Evaluation criteria. - Correctly classifies all listed cases. - The even-n branch never returns MONTGOMERY. - Justification cites amortization, the odd-modulus restriction, and compiler strength-reduction.
Benchmark Task¶
Task B — Division-vs-shift micro-benchmark¶
Problem. Empirically demonstrate that the hardware division behind % is the bottleneck. Time a tight loop of (a*b) % n (division) against a tight loop of a single REDC (shift-based) for the same number of iterations, with a runtime (non-constant) modulus so the compiler cannot strength-reduce.
Starter — Python.
import time
class Mont:
def __init__(self, n, k=64):
self.n, self.k = n, k
self.R, self.mask = 1 << k, (1 << k) - 1
self.np = (-pow(n, -1, self.R)) % self.R
self.r2 = (self.R * self.R) % n
def redc(self, t):
m = ((t & self.mask) * self.np) & self.mask
u = (t + m * self.n) >> self.k
return u - self.n if u >= self.n else u
def mul(self, a, b): return self.redc(a * b)
def main():
import random
n = random.choice([1_000_000_007, 998_244_353]) # runtime modulus
m = Mont(n)
a = m.r2 # some Montgomery-form value
iters = 200_000
t0 = time.perf_counter()
acc = 1
for _ in range(iters):
acc = (acc * a) % n # division-based
td = (time.perf_counter() - t0) * 1000
t0 = time.perf_counter()
acc = a
for _ in range(iters):
acc = m.mul(acc, a) # REDC-based (shift)
tr = (time.perf_counter() - t0) * 1000
print(f"division loop: {td:.2f} ms REDC loop: {tr:.2f} ms")

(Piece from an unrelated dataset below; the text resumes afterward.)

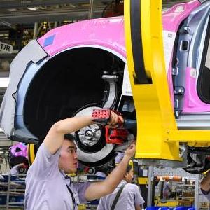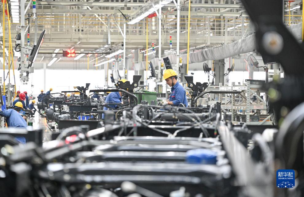 9月26日,工作人员在重庆市两江新区的上汽红岩汽车有限公司总装车间作业。

if __name__ == "__main__":
main()
Evaluation criteria. - Same runtime modulus across Go, Java, Python (so no compiler strength-reduction of %). - In compiled languages, the REDC loop is faster than the division loop; report the ratio. - Note that CPython's big-int % is C-level, so the shape (division dominates) matters more than the absolute numbers there; the concrete win is in Go/Java/C. - Report mean over ≥ 3 runs; exclude setup time.
General Guidance for All Tasks¶
- Always validate against the plain oracle first. Every task references
(a*b) % nor the built-inpow(a, b, n). Run it on small inputs, diff, then trust the fast version. - Assert the modulus is odd for Montgomery. Fail loudly; route even moduli to Barrett.
- Verify the magic constant once:
n·n' ≡ -1 (mod R)andfrom_mont(to_mont(x)) == x. - Never skip the conditional subtraction (except in the deliberate redundant-representation Task 12, where you prove the bound).
- Mind the 128-bit product: in Go/Java/C,
a*bof two 64-bit values overflows; usebits.Mul64/Math.multiplyHigh/__int128. - Don't use Montgomery for a single multiply — converting in and out costs more than one
%. - Reuse the context. Compute
n'andR² mod n(or Barrettμ) once per modulus, never per operation. - Remember the Montgomery identity is
R mod n, not1. Accumulators in modpow start atto_mont(1). - Branchless subtract only where you prove the bound (Task 12); elsewhere the plain conditional subtraction is correct and clear.
-
The candidate in Miller-Rabin is odd after the small-prime screen, which is exactly why Montgomery applies in Task 8.
-
Cross-check the magic constant with
n·n' ≡ R - 1 (mod R)in every task that computesn'. - For Barrett, keep inputs
< n²— the quotient bound (≤ 2 corrections) assumes it.
Each task must be implemented and tested in Go, Java, and Python, with identical outputs across all three on the same inputs.